ING donne un nouveau coup d’accélérateur à son plan de restructuration

Le bancassureur néerlandais, qui a vu son résultat chuter de 32,5% en 2012, prévoit de supprimer 2.400 postes aux Pays-Bas et en Belgique
Patrick Aussannaire

ING ne déroge pas à la politique de dégraissage des effectifs du secteur bancaire européen. Dans le cadre d’un vaste plan de restructuration qui s’étale jusqu’à fin 2015, le bancassureur néerlandais a annoncé hier matin qu’il comptait supprimer 1.000 postes au sein de sa filiale belge ING Bank Belgium, ainsi que 1.400 postes dans ses activités de banque de détail aux Pays-Bas. Des mesures qui devraient conduire à des économies supplémentaires de 270 millions d’euros par an. ING avait visé en novembre 7.500 suppressions de postes au total, soit 9% de ses effectifs.

Ces mesures coïncident avec la publication d’un bénéfice net de la banque au quatrième trimestre de 1,43 milliard d’euros, en hausse de 21% mais inférieur au consensus qui prévoyait un résultat de 1,59 milliard. Sur l’ensemble de l’année 2012, le résultat net se monte à 3,9 milliards, en baisse de 32,5%. Le groupe affiche néanmoins toujours dans l’assurance une marge de solvabilité robuste de 245%, contre 249% un an auparavant, et un ratio core tier 1 pour la banque de 11,9% fin 2012, et de 10,4% en normes Bâle 3.

Dans le cadre du programme imposé par Bruxelles pour prix des 10 milliards d’euros d’aides publiques reçues en 2008, ING affiche une réduction de son bilan de 79 milliards, à la suite notamment de la cession d’ING Direct Canada. Sur le quatrième trimestre, le groupe a bénéficié de 1,6 milliard de plus-values de cessions.

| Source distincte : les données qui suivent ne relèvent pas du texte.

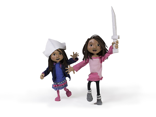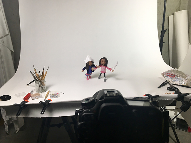 I created these characters out of wire, foam, polymer clay, pinheads, and suede. I have two young daughters and so I made the girls’ clothes from old clothes that each of my small ladies used to wear and love.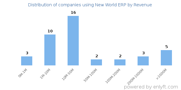Of all the customers that are using New World ERP, a majority (64%) are small (<$50M), 15% are large (>$1000M) and 0% are medium-sized.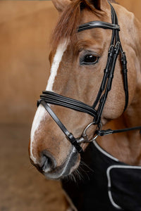 Conseil du cavalier : Un bridon bien ajusté améliore non seulement le confort, mais aussi la concentration et la détente de votre cheval – le bridon rembourré HFI offre cela avec style.

Il prépare toujours l’IPO de sa filiale d’assurance aux Etats-Unis et de son activité assurance/gestion en Europe, ainsi que des cessions en Corée et au Japon.

Conformément à ses engagements, ING ne versera pas de dividende avant d’avoir entièrement remboursé l’Etat néerlandais. Il prévoit de verser des tranches égales de remboursement de 750 millions d’euros en novembre 2013, mars 2014 et mai 2015, soit un total de 2,25 milliards auxquels s’ajoutent 1,125 milliard d’euros de coupons et primes, soit 375 millions supplémentaires par tranche.

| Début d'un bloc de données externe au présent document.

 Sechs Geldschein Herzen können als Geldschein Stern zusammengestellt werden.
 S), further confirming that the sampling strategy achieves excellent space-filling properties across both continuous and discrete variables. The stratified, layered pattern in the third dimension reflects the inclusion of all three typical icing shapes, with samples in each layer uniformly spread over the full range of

Comme pour rappeler une actualité inquiétante pour le secteur bancaire néerlandais, le quatrième trimestre est marqué par une charge de 175 millions d’euros liée à l’instauration d’une taxe destinée à financer le plan de sauvetage de SNS Reaal. La part d’ING se montera au total entre 300 et 350 millions. En outre, le taux de créances douteuses est en augmentation à 2,5% et se monte même à 7,6% pour les prêts à l’immobilier commercial et 8,4% pour l’activité de crédit bail.